EU’s green rules stir row, draws international flak: India opposes, Qatar warns
- In Reports
- 08:30 PM, Nov 04, 2025
- Myind Staff
The European Union’s new green laws have become a major point of tension with key partners like Qatar and India.
On Monday, Qatar warned that it could stop sending gas to Europe if the EU does not change or withdraw its Corporate Sustainability Due Diligence Directive known as CSDDD. India too has strongly opposed the EU’s carbon tax, officially called the Carbon Border Adjustment Mechanism or CBAM.
Qatar is one of the largest gas producers in the world and became a key supplier to Europe after the continent reduced gas imports from Russia following the 2022 invasion of Ukraine.
India and the European Union are now negotiating a free trade agreement, but reports say that the carbon tax remains a major sticking point. Both sides have said they want to finalise the deal by the end of this year.
Qatar’s Energy Minister Saad Al Kaabi said that his country will stop exporting liquefied natural gas to Europe if the EU goes ahead with its new environmental and human rights rules.
The law known as the Corporate Sustainability Due Diligence Directive asks large companies to fix the “adverse human rights and environmental impacts” in their global supply chains.
“If Europe does not look at how they can water down or cancel the CSDDD, and still have a penalty of 5 per cent of our total world turnover as a penalty, we will not be delivering LNG to Europe, for sure,” said Al Kaabi, as per AFP.
India has also made its stand clear, saying it is “opposed to parts of it.”
“We have very deep reservations about CBAM, and we’ve been quite open about it. The idea that one part of the world will set standards for everybody else is something which we are against,” External Affairs Minister S Jaishankar told Euractiv in June.

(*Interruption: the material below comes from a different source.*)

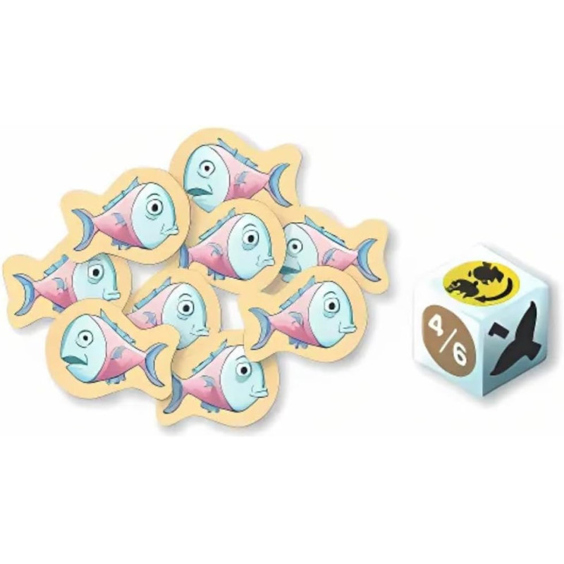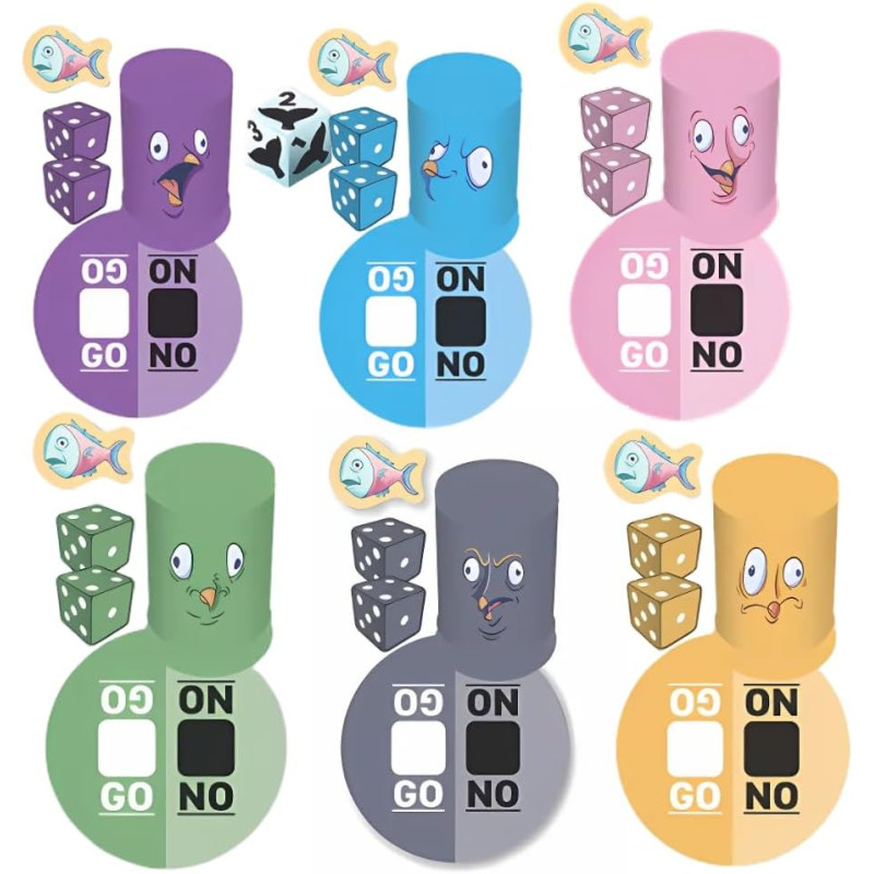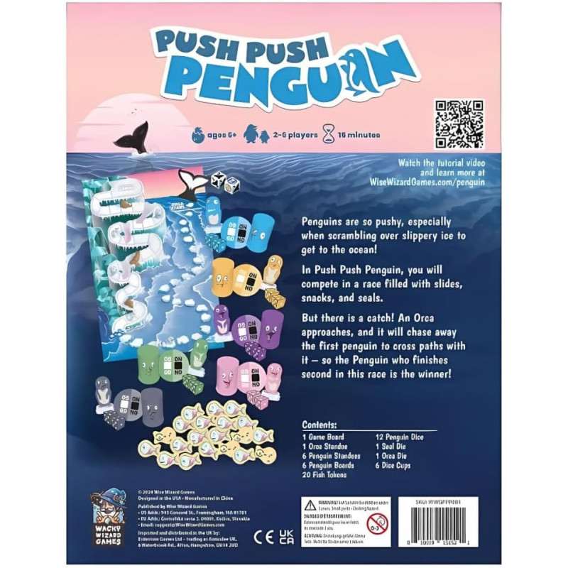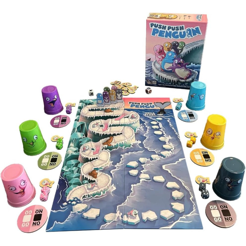 To play, all players roll their Penguin Dice. Players use their Penguin Cup to shake their dice and hide them. They secretly select which of their dice they want to use for movement then reveal the dice at the same time. Starting with whoever has the Orca Die, each player takes a turn gobbling up fish and moving their penguin. They push any penguins they land on or interact with special spaces. After all players have taken their turn, the player with the Orca Die rolls it and moves the Orca.

EU officials have said they are trying to find a middle ground with India to move forward.
In September, EU chief negotiator Christophe Kiener told the European Parliament’s trade committee that the EU “will need to adjust the approach we usually take on trade and sustainable development” to reach a deal with India.
“The notion that there would be a dispute settlement, let alone sanctions applying to those commitments, the idea that the commitments would be legally binding, that civil society would be involved in the management of the agreement from that perspective, but also that those commitments would apply at the sub-federal level — these are elements that are very difficult for India,” said Kiener, as per Euronews.